In the "most important transaction in franchise history", according to the press release, the Nashville Predators have matched the 14-year, $110 million offer sheet signed by Shea Weber with the Philadelphia Flyers last week. It's now the second-largest contract in NHL history.
A wild month that started with the franchise losing Ryan Suter to the Minnesota Wild will end with some relief that the Predators didn't lose both of their cornerstone players. GM David Poile has said all along that the team would match any offer thrown Weber's way. Team Chairman Tom Cigarran said that the team's budget for the 2012-13 season would be its largest ever and the franchise would only miss out on players due to "some chemistry issue, or their grandmother lives in Montreal or something, the intangibles."
Retaining Weber is a statement to the fanbase. They won't miss out on their franchise player, one who will receive $27 million in the next calendar year from two $13 million signing bonuses and a $1 million base salary for next season. Weber is not eligible to be traded, either, until next summer; but why would a small-market team shell out all that cash over 365 days and then make a deal? And how close to equal value could Poile even get in that situation? (UPDATE: CBC's Elliotte Friedman reports that Weber's agents will discuss adding a no-trade clause to this deal with the Predators on Wednesday.)
The news of Weber signing the offer sheet with Philadelphia broke late Wednesday night, with the deadline to match or walk July 25 at 11:36 p.m., one week from the exact time the contract went through the NHL's Central Registry. There were a lot of things for Nashville to consider while weighing this decision in that time. They had to think about their present and their future with or without Shea Weber and $110 million committed to payroll over the next 14 seasons.
From the Predators:
As the organization analyzed the overall situation and worked toward a conclusion, the decision boiled down to three questions:
- Was Shea Weber the individual that this franchise wanted to lead our team, a team that would compete for the Stanley Cup every year, for the next 14 years?
- Would matching the offer sheet be in the best long-term interest of the team and organization?
- Would a decision not to match the offer sheet send a negative message to current Predators players and other NHL organizations, a message that the Predators would only go so far to protect its best players and be pushed around by teams with "deep pockets?"
The answer to each of the above questions is clearly "yes." The organization spent the last several days analyzing all aspects of the offer sheet, from economic implications to the impact on the team hockey operations puts on the ice.
With Weber in the fold that leaves the Predators with about $16.5 million in cap space to retool. At the moment, they're just under the $54.2 million cap floor.
After Weber signed the offer sheet last week, his agent, Jarrett Bousquet, told TSN Radio, "He'd like to play with the Philadelphia Flyers because we all feel that he's just another piece in the puzzle to take them to the next level.
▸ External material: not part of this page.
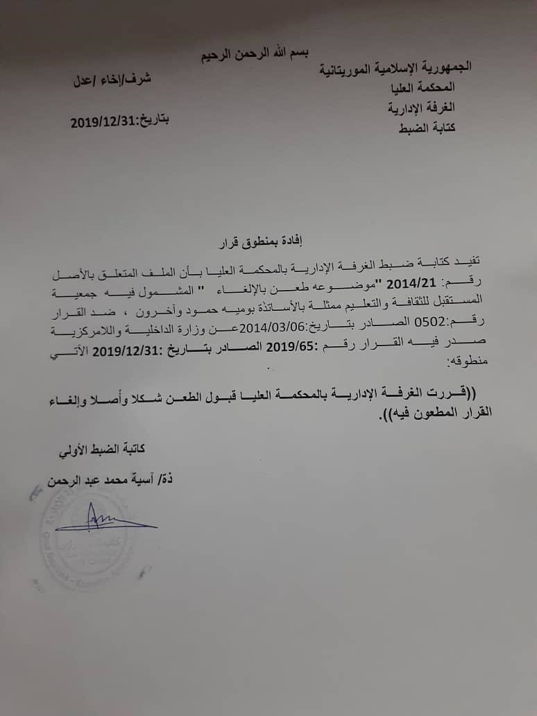ألغت الغرفة الإدارية بالمحكمة العليا قرار إغلاق جمعية المستقبل للدعوة والثقافة والتعليم والتي يرأسها العلامة الشيخ محمد الحسن ولد الددو.

He doesn't want to go through a rebuilding process again" and "I don't think you sign an offer sheet unless you're pointing in that one direction."
The awkwardness of those words will dissipate quickly as it was the feelings of a player entering his prime thinking about his long-term future. He's the face the of franchise. He's the team captain. He'll be welcomed back in Smashville like it were any other year, maybe even moreso now.
Weber may have been leaning toward the direction of Philadelphia, but he's now centered himself in Nashville.